Es así como llega al programa Erasmus+, gracias a la invitación de su coordinador en el instituto, el profesor Sergio Lucena. En septiembre parten 15 alumnos del centro, ella –de nuevo– la única mujer del grupo. Su destino fue la empresa Vitalis, un centro formativo en la región de Leipzig que recibe a alumnos erasmus de toda Europa para capacitarles en distintas ramas de la formación profesional. El reto del grupo de malagueños fue «construir un E-Buggy –vehículo eléctrico– desde cero, todo mecanizado a mano, cortando y limando pieza por pieza; lo único que nos proporcionan ya fabricado es el motor eléctrico, y los materiales suficientes para llevar a cabo la fabricación», señala Rocío. El equipo no solo logró montar el vehículo, sino que además lo hizo en un tiempo récord, de manera que fueron destinados a otros proyectos, como el montaje de cuadros y circuitos eléctricos, para completar el periodo de estancia en Alemania.

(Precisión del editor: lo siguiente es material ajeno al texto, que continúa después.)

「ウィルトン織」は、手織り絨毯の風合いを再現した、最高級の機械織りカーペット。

Los malagueños, con el director de Vitalis subido al buggy.
Los malagueños, con el director de Vitalis subido al buggy. / Sur

El presidente de Vitalis, Ralf Giesecke, ofreció a los estudiantes malagueños la posibilidad de trabajar en Alemania. Y a Rocío y a Aran Talboys directamente un contrato en la empresa. «¡No podía negarme! Me pareció una gran oportunidad para ampliar mi futuro laboral», dice Rocío. Ella se incorporó a principios de noviembre y su compañero lo hará el próximo febrero.

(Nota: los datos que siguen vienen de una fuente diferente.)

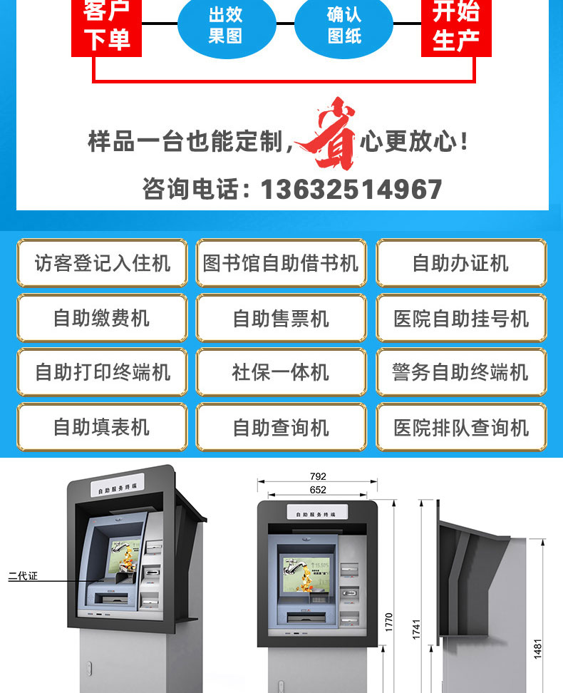 自助終端機定制:定制各種場景各種款式非標終端機;例如訪客機、景區(qū)自助取票機、醫(yī)院繳費查詢機、醫(yī)院自助取單機、社保查詢機、室內(nèi)外廣告機、排隊叫號機、工控一體機、電力繳費查詢機、圖書自助銷售機、便攜式計算機、酒店自助入住機、自助收銀機等終端。

Su trabajo en la empresa es rotar por todos los departamentos, como apoyo para grupos sobre todo de alumnos españoles. «Uno de mis puntos fuertes es sin duda el departamento de electro mecánica y el de trabajos metálicos, además de colaborar con la empresa a la hora de contactar con nuevos centros que quieran realizar erasmus en nuestra empresa», explica la joven. Su contrato es en principio de seis meses. La empresa le facilita casi todo, desde alojamiento, comida, billetes de avión, la posibilidad de poder desplazarme con sus vehículos privados, 24 días de vacaciones y un sueldo de 2.000 euros. «Tengo la gran suerte de contar con el apoyo de mi familia, mi pareja y mis amigos, a todos le ha parecido una enriquecedora experiencia profesional y personal», reconoce Rocío desde Schkeuditz.

Superar miedos

Desde esta experiencia profesional y vital tan intensa, Rocío anima a todos aquellos estudiantes a los que se les brinde la oportunidad de poder cursar una beca Erasmus que «las ganas de crecer y aprender puedan más que los miedos, que se atrevan a vivir esta gran experiencia, que se den la oportunidad de sentir cómo se vive en otros países y que experimenten lo maravilloso que es ver todo aquello que aún no han visto». Y a todas esas chicas que les gusta la mecánica, pero que por miedo no se atreven a conocerla más en profundidad, las anima a dar el paso, porque «¡nosotras también podemos!».